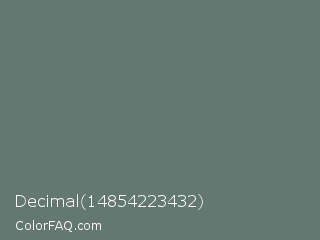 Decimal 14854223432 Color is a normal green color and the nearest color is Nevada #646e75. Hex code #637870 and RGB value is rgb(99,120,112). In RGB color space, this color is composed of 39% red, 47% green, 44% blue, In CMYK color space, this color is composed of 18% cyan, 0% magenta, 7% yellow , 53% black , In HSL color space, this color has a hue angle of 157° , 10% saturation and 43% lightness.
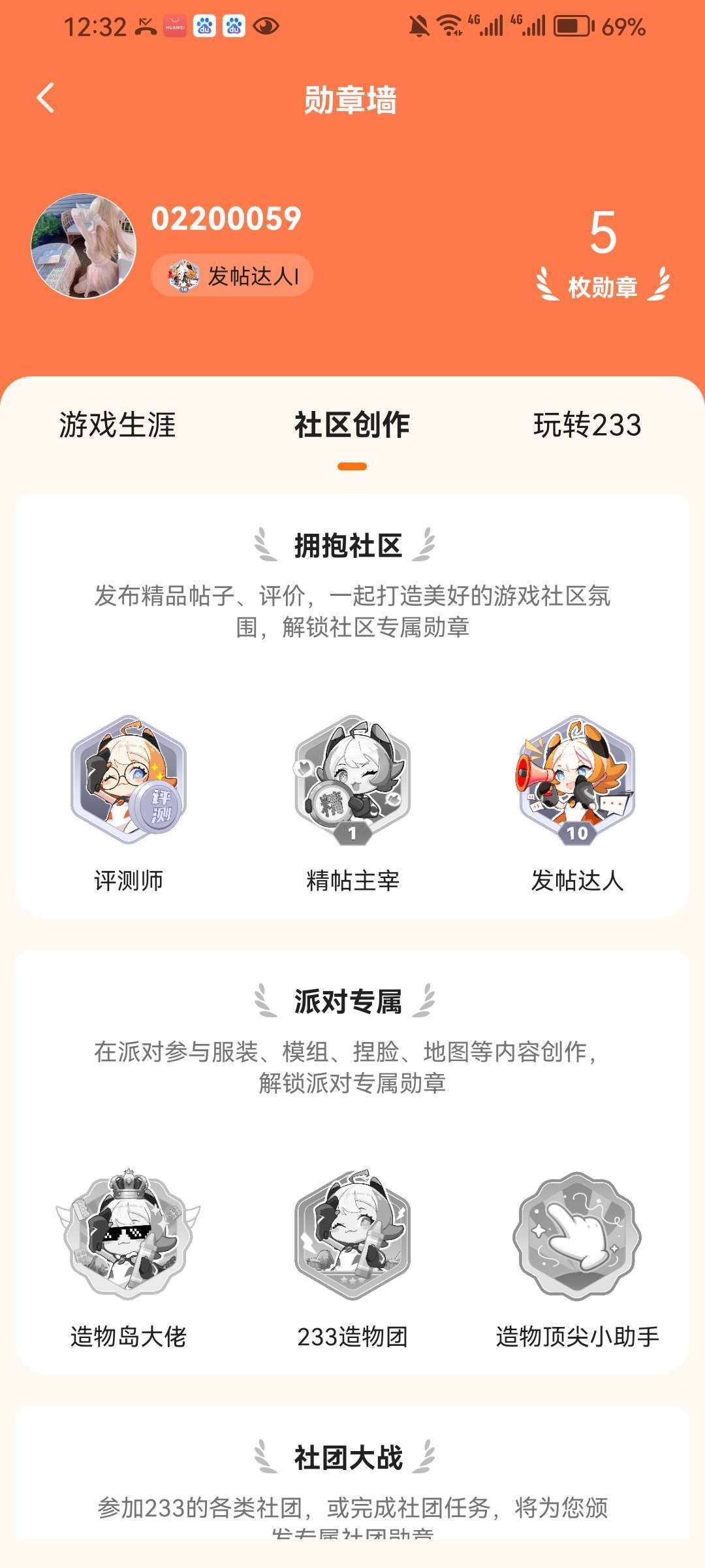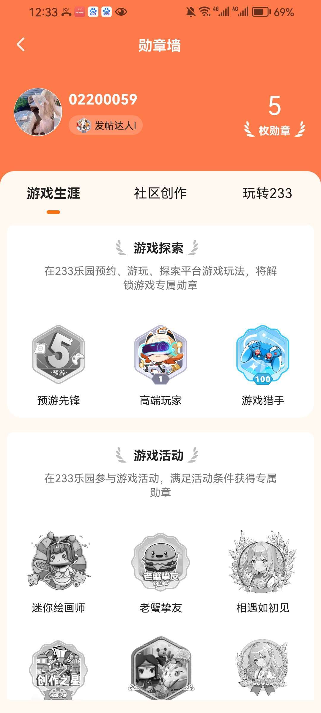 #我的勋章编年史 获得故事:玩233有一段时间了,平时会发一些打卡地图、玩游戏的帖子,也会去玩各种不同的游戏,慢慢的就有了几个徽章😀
--
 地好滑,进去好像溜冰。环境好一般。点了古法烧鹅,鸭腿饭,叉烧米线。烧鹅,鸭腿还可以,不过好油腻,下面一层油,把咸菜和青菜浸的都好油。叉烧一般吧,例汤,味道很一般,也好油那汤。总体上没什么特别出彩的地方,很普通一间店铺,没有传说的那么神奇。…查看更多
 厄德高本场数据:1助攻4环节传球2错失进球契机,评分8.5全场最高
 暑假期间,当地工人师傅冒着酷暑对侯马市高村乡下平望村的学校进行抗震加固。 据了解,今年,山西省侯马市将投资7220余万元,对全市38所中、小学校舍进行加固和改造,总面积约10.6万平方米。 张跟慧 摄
==
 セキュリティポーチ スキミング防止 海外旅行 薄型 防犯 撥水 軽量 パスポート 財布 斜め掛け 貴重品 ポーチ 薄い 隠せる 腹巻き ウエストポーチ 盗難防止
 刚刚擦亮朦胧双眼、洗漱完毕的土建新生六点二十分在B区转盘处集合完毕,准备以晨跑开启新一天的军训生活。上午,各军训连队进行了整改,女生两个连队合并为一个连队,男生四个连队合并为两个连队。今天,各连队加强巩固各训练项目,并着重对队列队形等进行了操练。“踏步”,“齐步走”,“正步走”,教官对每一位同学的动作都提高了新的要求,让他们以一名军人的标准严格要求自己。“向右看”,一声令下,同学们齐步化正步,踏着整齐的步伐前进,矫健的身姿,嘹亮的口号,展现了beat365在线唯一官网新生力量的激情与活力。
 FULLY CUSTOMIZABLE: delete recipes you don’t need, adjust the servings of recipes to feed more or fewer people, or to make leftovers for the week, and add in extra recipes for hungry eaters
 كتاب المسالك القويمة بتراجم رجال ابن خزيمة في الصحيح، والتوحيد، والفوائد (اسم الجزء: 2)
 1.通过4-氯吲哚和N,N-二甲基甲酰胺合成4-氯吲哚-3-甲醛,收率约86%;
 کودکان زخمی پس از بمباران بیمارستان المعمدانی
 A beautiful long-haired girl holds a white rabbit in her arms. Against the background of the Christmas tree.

* _Task brief_: There is a line with "セキュリティポーチ スキミング防止 海外旅行" and a line with "A beautiful long-haired" above. Copy exactly those two lines and all lines between them, with nothing else.

* _Task response_:
 セキュリティポーチ スキミング防止 海外旅行 薄型 防犯 撥水 軽量 パスポート 財布 斜め掛け 貴重品 ポーチ 薄い 隠せる 腹巻き ウエストポーチ 盗難防止
 刚刚擦亮朦胧双眼、洗漱完毕的土建新生六点二十分在B区转盘处集合完毕,准备以晨跑开启新一天的军训生活。上午,各军训连队进行了整改,女生两个连队合并为一个连队,男生四个连队合并为两个连队。今天,各连队加强巩固各训练项目,并着重对队列队形等进行了操练。“踏步”,“齐步走”,“正步走”,教官对每一位同学的动作都提高了新的要求,让他们以一名军人的标准严格要求自己。“向右看”,一声令下,同学们齐步化正步,踏着整齐的步伐前进,矫健的身姿,嘹亮的口号,展现了beat365在线唯一官网新生力量的激情与活力。
 FULLY CUSTOMIZABLE: delete recipes you don’t need, adjust the servings of recipes to feed more or fewer people, or to make leftovers for the week, and add in extra recipes for hungry eaters
 كتاب المسالك القويمة بتراجم رجال ابن خزيمة في الصحيح، والتوحيد، والفوائد (اسم الجزء: 2)
 1.通过4-氯吲哚和N,N-二甲基甲酰胺合成4-氯吲哚-3-甲醛,收率约86%;
 کودکان زخمی پس از بمباران بیمارستان المعمدانی
 A beautiful long-haired girl holds a white rabbit in her arms. Against the background of the Christmas tree.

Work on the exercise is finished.